- **To do**:
At the line containing "X党委(组)8月份主题教育阶段进展情况汇报(特色社会主义思想)", begin an exact copy of the lines below and continue through the final one, with no pictures.

- **Extracted records**:
----------------------------------------
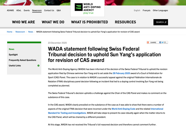 在得知瑞士最高法院撤銷對孫楊的裁決后,WADA對此事發(fā)表聲明稱,已得知瑞士聯(lián)邦最高法院支持孫楊對CAS判決的改判請求,會積極采取行動,在案件回到國際體育仲裁法庭后,繼續(xù)陳述其立場。聲明如下: 世界反興奮劑機構(WADA)已獲悉,瑞士聯(lián)邦最高法庭決定支持中國游泳運動員孫揚的改判申請并撤銷國際體育仲裁法庭(CAS)對其作出的禁賽裁決。 瑞士聯(lián)邦法庭的裁決對CAS小組主席提出了質(zhì)疑,對本案的實質(zhì)內(nèi)容不作任何評論。 在CAS裁決中,WADA顯然占了上風,能夠證明國際泳聯(lián)(FINA)最初裁決的許多方面在《世界反興奮劑條例》及相關的《國際檢測與調(diào)查標準》下均不正確,在案件回到CAS由其他主席主持的仲裁小組時,WADA將繼續(xù)陳述其立場。 目前,WADA尚未收到法庭完整的裁決,因此無法進一步發(fā)表評論。 (責任編輯:蔡文斌) |
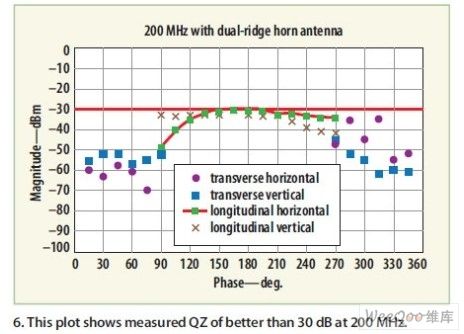 suirancongqianmiandetaolunzhongkeyiqingchudizhidao,zaidipinshizhuixinganshikeyibijuxinganshitigonggengduodeyoushi,danceliangshujubiaomingzhuixinganshijuyouzhenzhengdekeyongxing。tu5 是一個200MHz至40GHz的小型錐形暗室,外形尺寸為12×12×36英尺,靜區大小為1.2米。這裏采用了一個雙脊寬帶喇叭天線照射較低頻率的靜區。然後利用安捷倫(Agilent)公司的N9030A PXA頻譜分析儀以一個對數周期天線測量靜區。在200MHz點測得的反射率大於30Db(如圖6所示)。圖7 和圖8分別顯示了饋源頂部的源天線和靜區中的掃描天線。
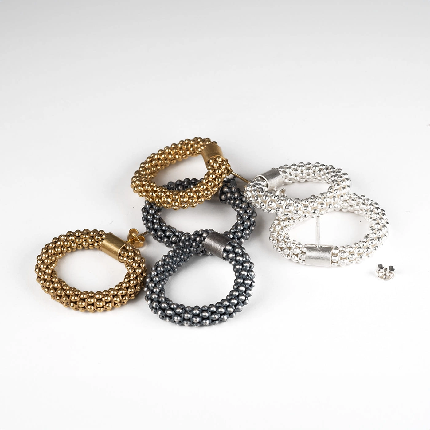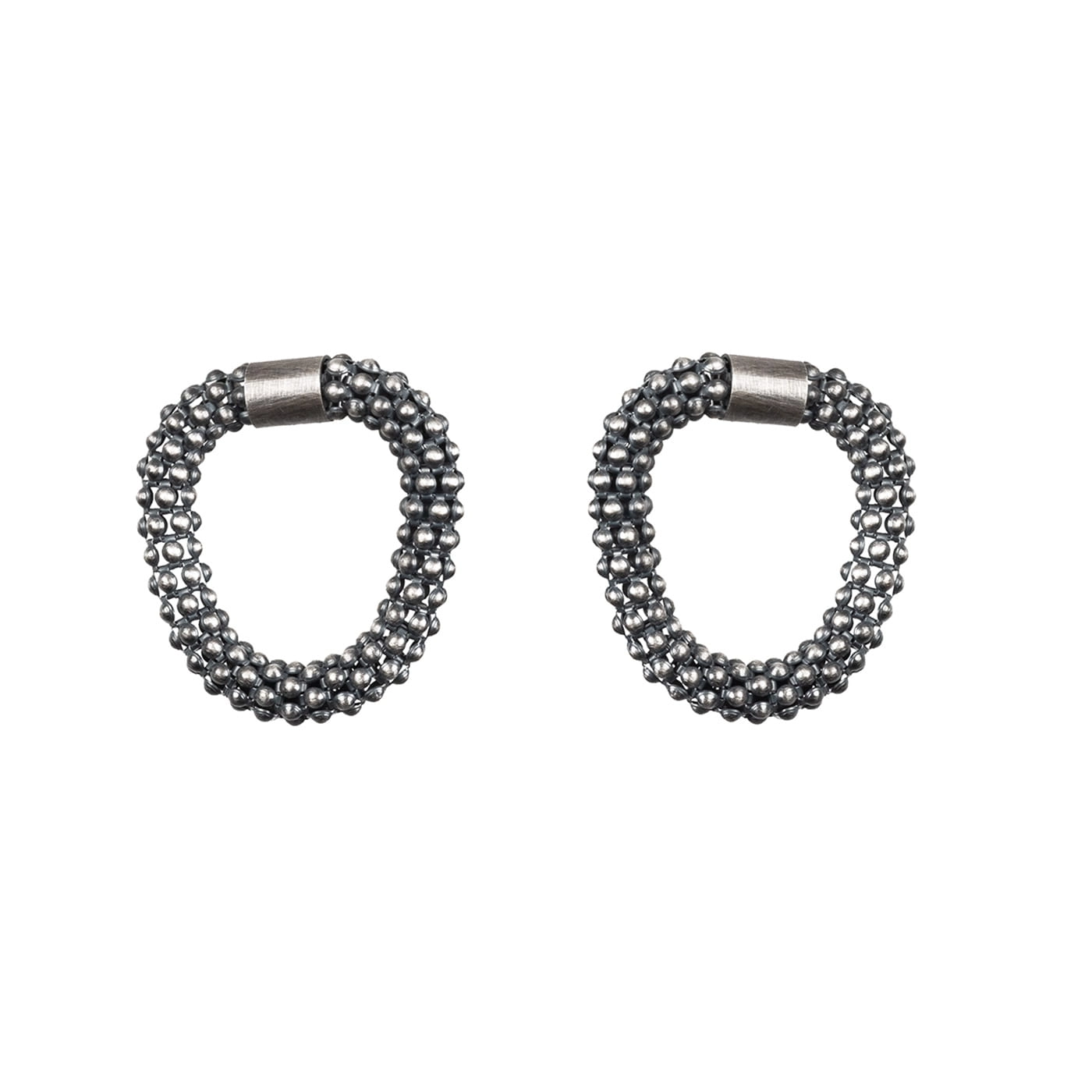 Kolczyki wykonane ze srebra próby 925, zaoksydowane by uzystakć grafitowy kolor srebra.
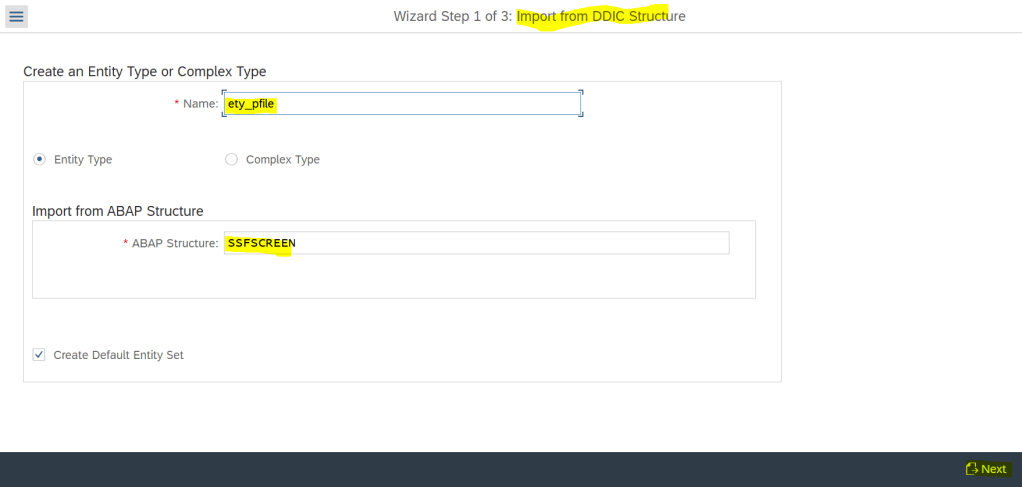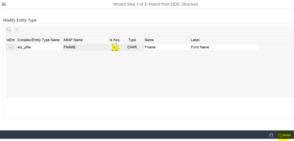 Create data model- by importing from DDIC structure. Provide the structure and entity type name.
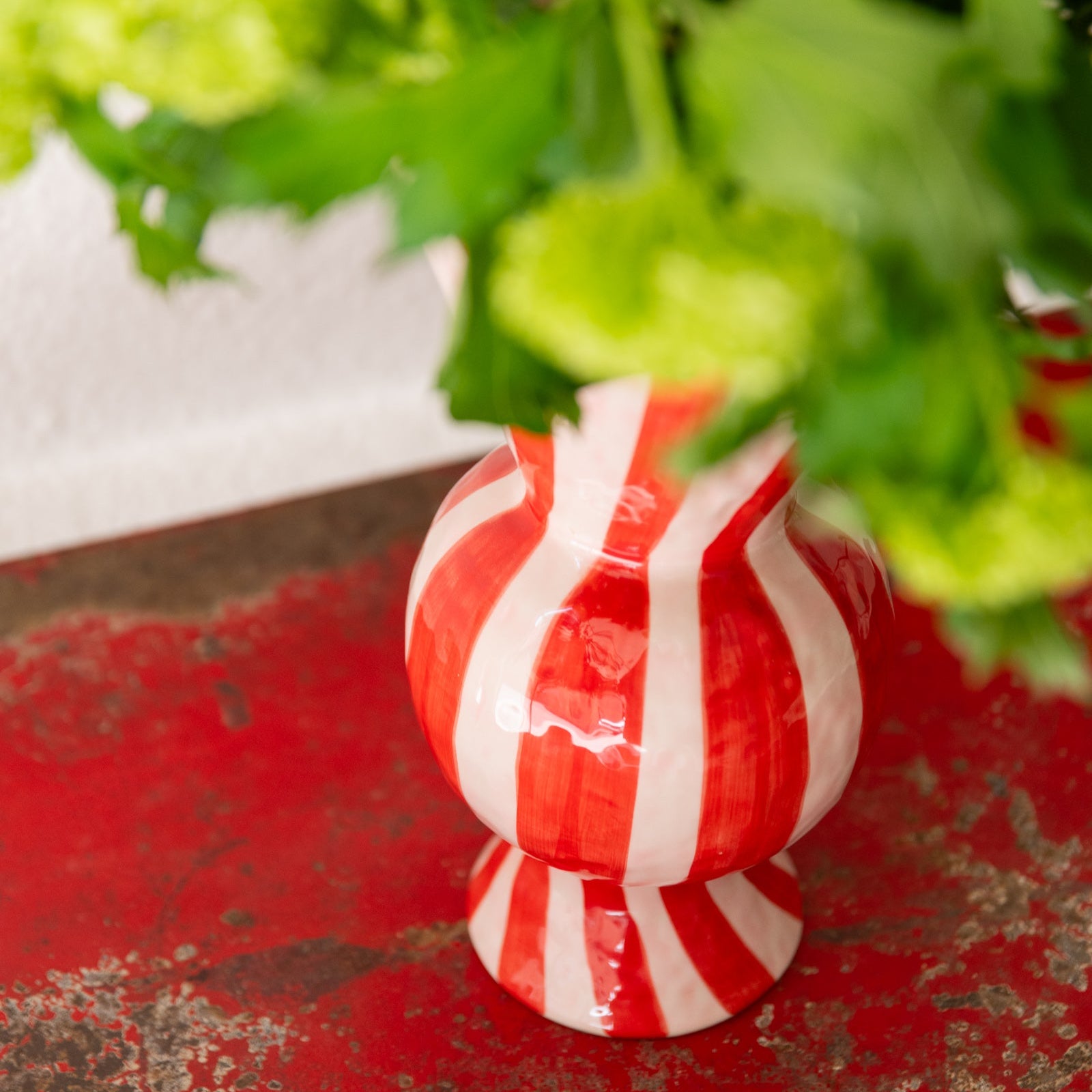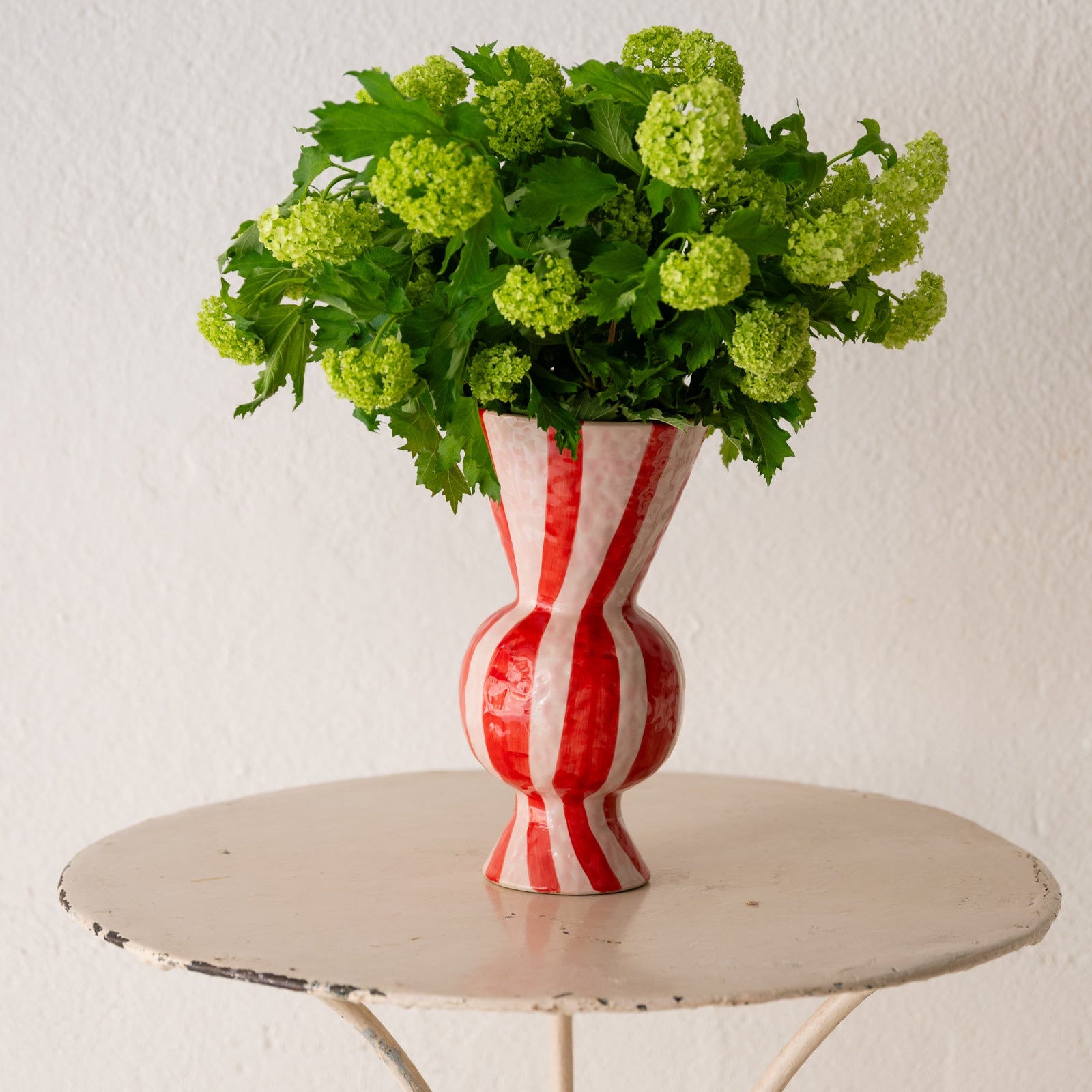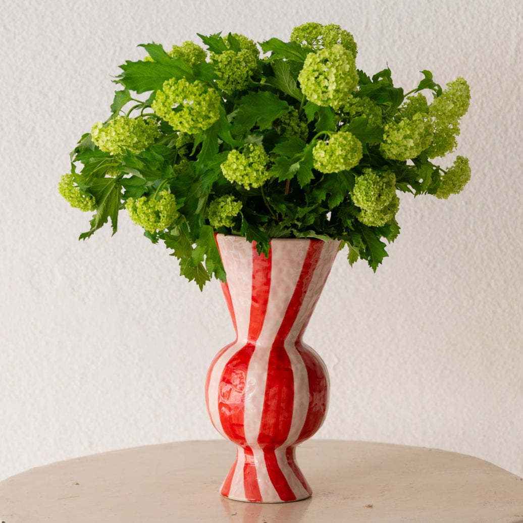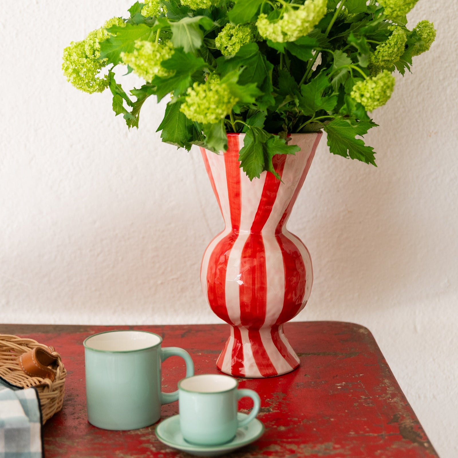 Jarrón grande en gres porcelánico pintado a mano con rayas irregulares en color rojo y fondo blanco roto.
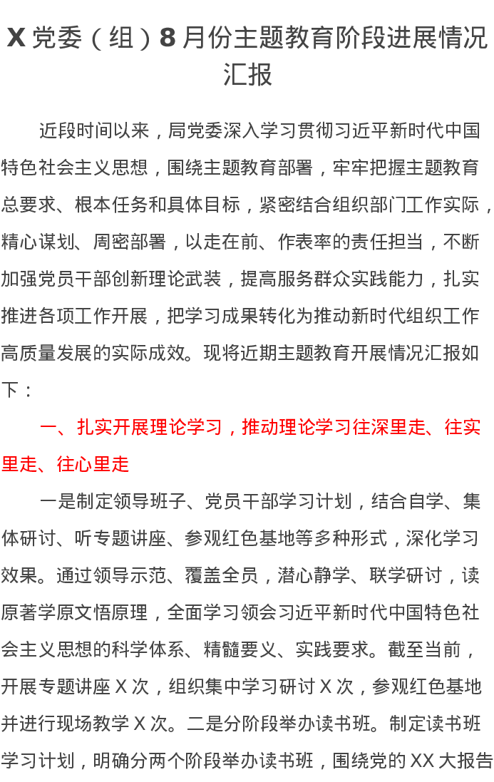 X党委(组)8月份主题教育阶段进展情况汇报(特色社会主义思想)
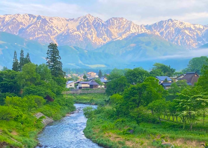 そして遅い春がやってくると雪の下でずっと待ち続けていた草花が一斉に芽吹き、さらに山のみずみずしい新緑も美しく輝きます。そして田畑には北アルプスを源流とする清水が流れ、水を張った田んぼには見事に北アルプスの日の出から夕焼けまでが映し出されます。
----------------------------------------
- **Answer to this exercise**:
 X党委(组)8月份主题教育阶段进展情况汇报(特色社会主义思想)
 そして遅い春がやってくると雪の下でずっと待ち続けていた草花が一斉に芽吹き、さらに山のみずみずしい新緑も美しく輝きます。そして田畑には北アルプスを源流とする清水が流れ、水を張った田んぼには見事に北アルプスの日の出から夕焼けまでが映し出されます。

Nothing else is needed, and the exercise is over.